Oswald leaned back in the swelling cushions. The soft velvet seemed to exhale a perfume, which filled the narrow compartment like the boudoir of a pretty woman. Oswald even fancied it was the same perfume which Melitta ordinarily used. And suddenly he felt as if Melitta were sitting by his side--as if her soft warm hand were touching his--as if he felt her breath on his brow--as if her lips were lying lightly like a zephyr on his own.
And this delicious dream effaced the reality. Oswald forgot what was before him; he did not think of the future; he knew not where he was--and only she, she herself filled his soul. The memory of her sweet grace, her goodness, her intoxicating beauty overcame him like a spring-tide of bliss. The precious images of those happy hours which he had spent by her side, at her feet, rose before his mind's eyes with marvellous clearness; he saw them all, from his first meeting on the lawn behind the château at Grenwitz, to the moment when she turned from him, tears in her eyes, in that night of hapless memory, when the demon of jealousy struck its sharp claws into his wounded heart.
"Forgive me, Melitta! forgive me!" he groaned, burying his head in the cushions.
Suddenly the carriage stopped. The door opened, the tall man who had let down the steps before helped him get out, gave him his hand, led him a few steps up to a large glass door, where, through the red curtains, a faint light was bidding him welcome. The door opened, and Oswald found himself in the garden-room in Melitta's château, and Melitta wound her arms around his neck, and Melitta's voice whispered: "Forgive me, Oswald! Forgive me!"

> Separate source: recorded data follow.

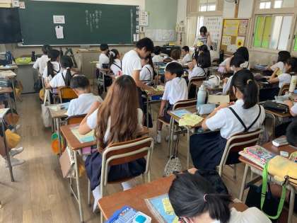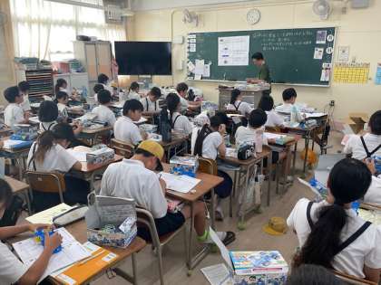 5年生では、家庭科で「裁縫」の学習をしていました。玉どめ・玉結び・なみ縫いの練習をしていました。得意な子が近くの子に優しく教え合う場面がありました。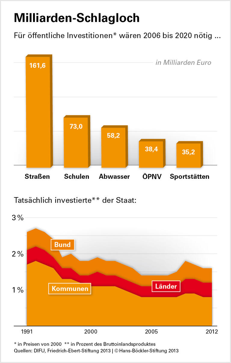 Deutschland muss dringend in seine Infrastruktur investieren. Allein auf kommunaler Ebene sind unter anderem für die Ausbesserung kaputter Straßen und die Reparatur maroder Schulen gut 50 Milliarden Euro nötig.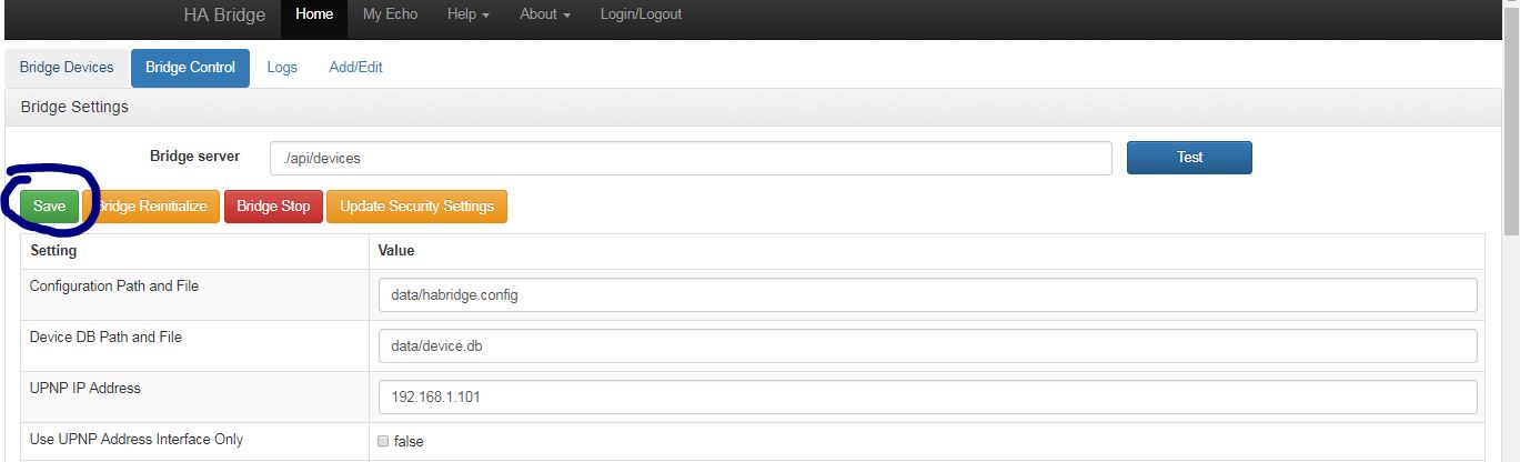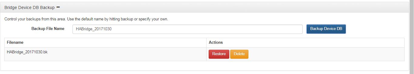Warto również od razu zrobić backup bazy danych HABridge. Jest dostępny na dole strony, przy pracy z ekranem Home.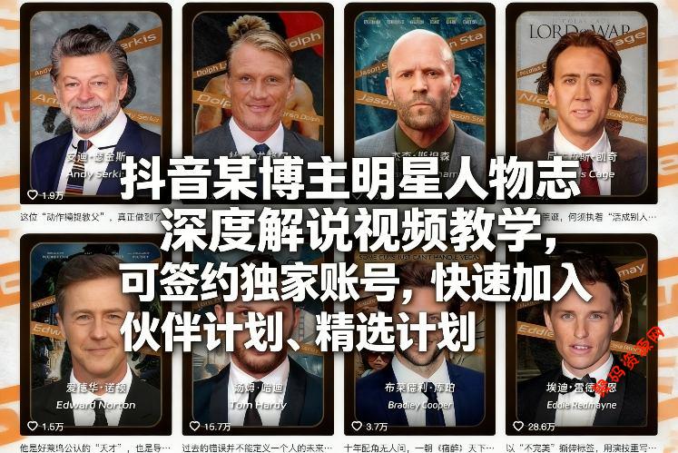 抖音某博主明星人物志深度解说视频教学,可签约独家账号,快速加入伙伴计划、精选计划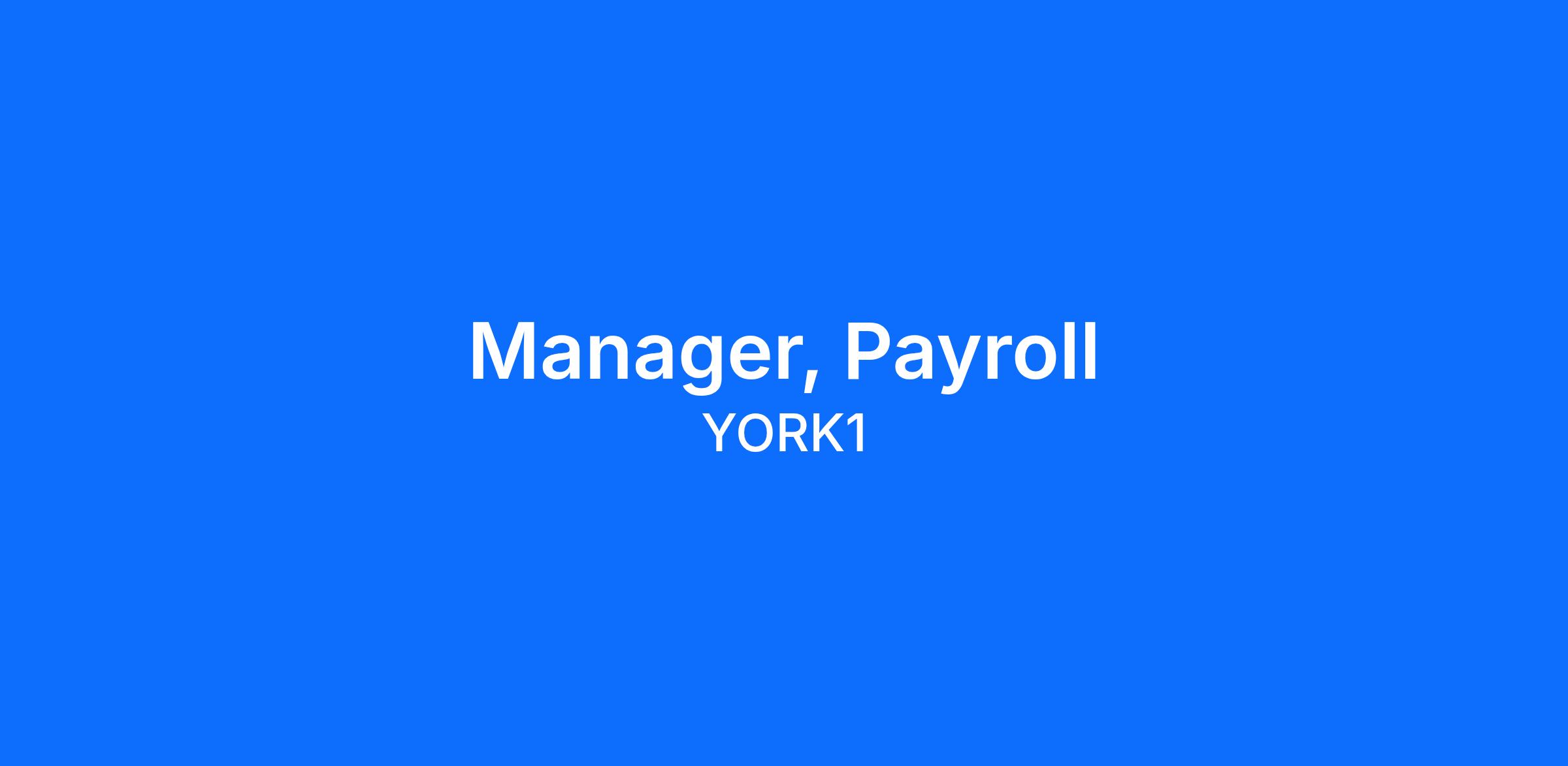 Job Title: Manager, Payroll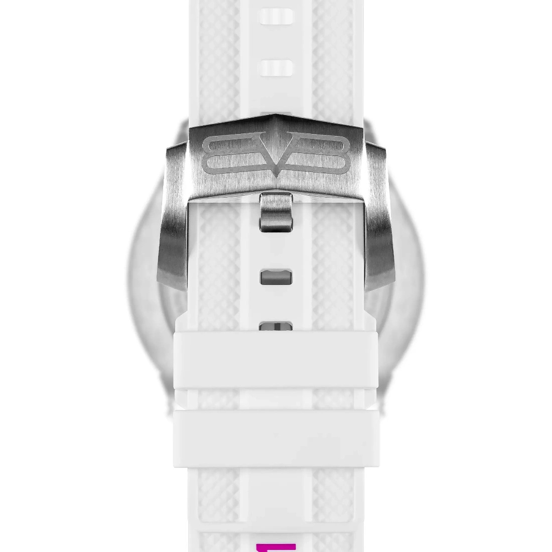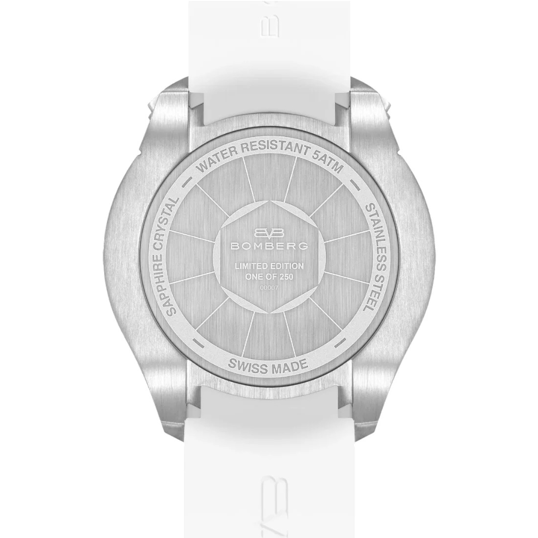 Correa: Correa de silicona blanca con letras multicolores BOMBERG. Hebilla : Acero inoxidable.

"You cruel man," said Melitta, after the first wild storm of delight, with its showers of joyous tears, had passed away. "How could you shut up your heart for so many days when you knew I was standing outside knocking for admission? But I will not scold. You are here and all is right again."

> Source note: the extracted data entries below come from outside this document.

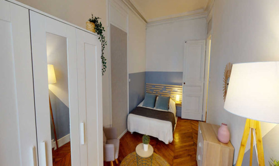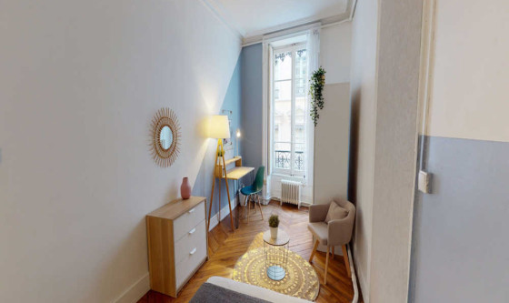 1 chambre(s) libre(s) dans une colocation de 1 chambres dans un appartment de 110m2 Colocation meublée ! -------------------------------- Tous nos appartements sont situés en centre-ville et proches de toutes commodités et transports en communs (Métro, Tramway et Bus). --------- Cette superbe chambre en colocation, meublée, équipée et tout inclus à Lyon unit confort et design. Elle offre de nombreux équipements comme un lit confortable et hypoallergénique avec couette et oreillers. Ne vous manque plus à apporter que vos vêtements pour y vivre ! La chambre possède un cadenas si besoin. Le logement est localisé dans le quartier Hôtel de Ville - Presqu'île, en plein coeur de Lyon. De nombreux commerces, transports publics, restaurants sont situés à proximité. La colocation est à l'étage 3 sans ascenseur. Elle est prête-à-vivre et propose une cuisine complètement équipée avec frigo, poêles, casseroles, vaisselle, bouilloire, ustensiles, micro-ondes… Ainsi que lave-linge, tancarville, fer à repasser, planche à repasser. Tout le nécessaire pour le ménage est sur place au sein de cette colocation : balai, balai-brosse, aspirateur, seau et serpillère… Chaque colocation meublée Joivy inclut toutes les charges : eau, assurance habitation, charges de copropriété, taxe sur les ordures, wifi illimité, électricité. Toutes nos chambres sont entièrement meublées (lit, bureau, penderie, couette, oreillers…). --------- Tous nos appartements sont entièrement équipés (lave-linge, vaisselle, décoration…) par nos équipes, qui se chargent également de la maintenance technique et matérielle. --------- Durée minimum de séjour : 1 mois Appartement éligible à la CAF jusqu'à 258€ / mois. La CAF pour Caisse d'allocations familiales est un service public gratuit et français éligible pour tous,y compris les étranger et qui peut vous aider financièrement à payer une partie de votre logement en fonction de votre situation que vous soyez français ou étranger. Pour connaître le montant potentiel de votre aide, rendez-vous sur le site de CAF et complétez l'estimation en ligne des APL (aide pour le logement). Frais de services : à partir de 590€ Les frais de services couvrent l'écriture du bail mais également l'assistance tout au long de votre séjour. Les frais de services couvrent ainsi la réparation et l'entretien du matériel ainsi que l'accès à notre support ultra réactif en cas de besoin d'intervention dans votre logement. Caution : 900€ --------- Nous accueillons principalement des étudiants ou des jeunes actifs français ou étrangers de 18 à 35 ans. Notre objectif est de faciliter l'accès à un logement meublé et parfaitement équipé et de vous permettre de faire de belles rencontres. Nos locataires sont de toute origine et toute culture ! Updated on 03/12/2025 Mise à jour le 03/12/2025
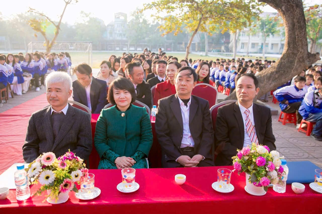 Dự buổi lễ có các đồng chí: Lê Ngọc Quân, Phó Bí thư Đảng ủy, Chủ tịch UBND xã; Cao Đăng Dương, Ủy viên Ban Chấp hành Đảng bộ, Trưởng phòng Văn hóa – Xã hội; đại diện Hội phụ huynh học sinh; Ban Giám hiệu cùng toàn thể cán bộ, giáo viên, nhân viên và học sinh nhà trường.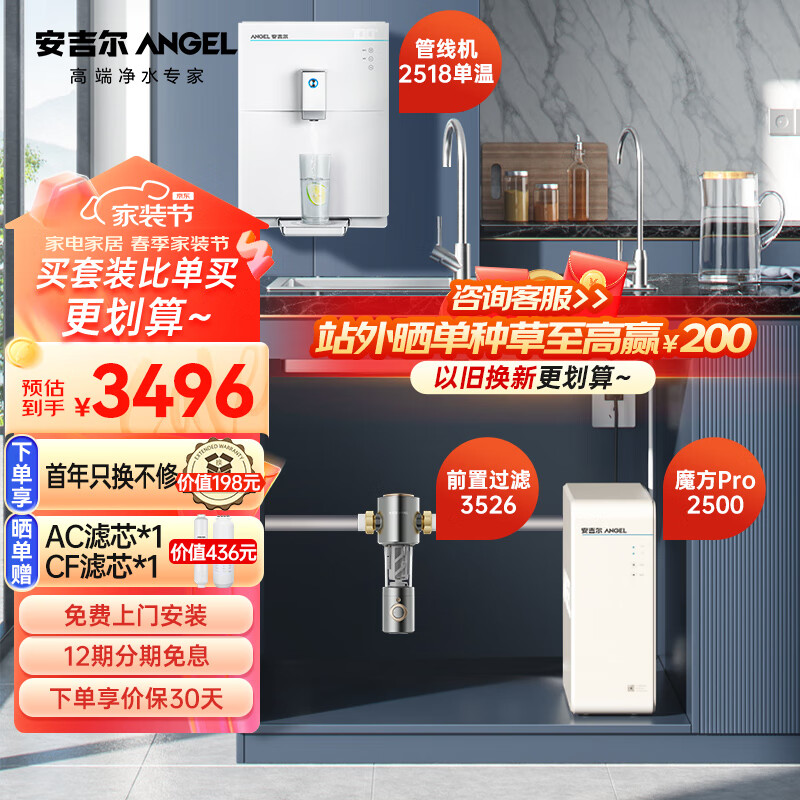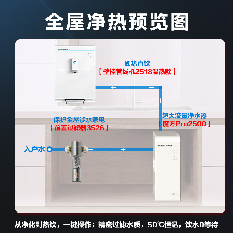 安吉尔魔方Pro2500三件套 净水器pro2500+前置过滤器3526+加热管线机2518价格:3496.00元!

She leaned her head on his breast and looked up at him smiling through her tears. "Is it not, darling? Is not all right again? Now Melitta is again what she was before to you, what she will ever be to you, in spite of all pretty girls of sixteen, be their name Emily or----"
"Melitta!"
"Or Melitta! For there is but one Melitta, if thousands bore that name, and that one am I! And how could you forget such a weighty matter! What trouble you have caused old Baumann! I will say nothing of myself, for joy follows grief and grief follows joy, and if two love each other honestly, a few tears more or less, a few sleepless nights, a few letters begun and torn to pieces again, matter, after all, very little--but poor Baumann! Just imagine! The first day I was very calm, for I thought: he will come soon enough, and fall down at your feet and ask your pardon! But when you did not come, nor on the second, nor on the third day, then my heart failed me, and I dare say I looked wretched enough, for as I was sitting here, resting my head in my hands, I suddenly felt a hand on my shoulder, and when I looked up, good old Baumann was standing before me, and said: Shall I go and see why he is staying away so long?--Ah do, dear Baumann, I said. Then the good soul went, without saying a word, and did not return till late at night. Did you see him?--Yes, ma'am! He is well and hearty; I have had a race with him."
"Then old Baumann was the mysterious horseman?"
"Of course, and he laughed in his quiet way when he told me that you had been after him, as if he meant to say: The children! They thought they could overtake me on Brownlock!"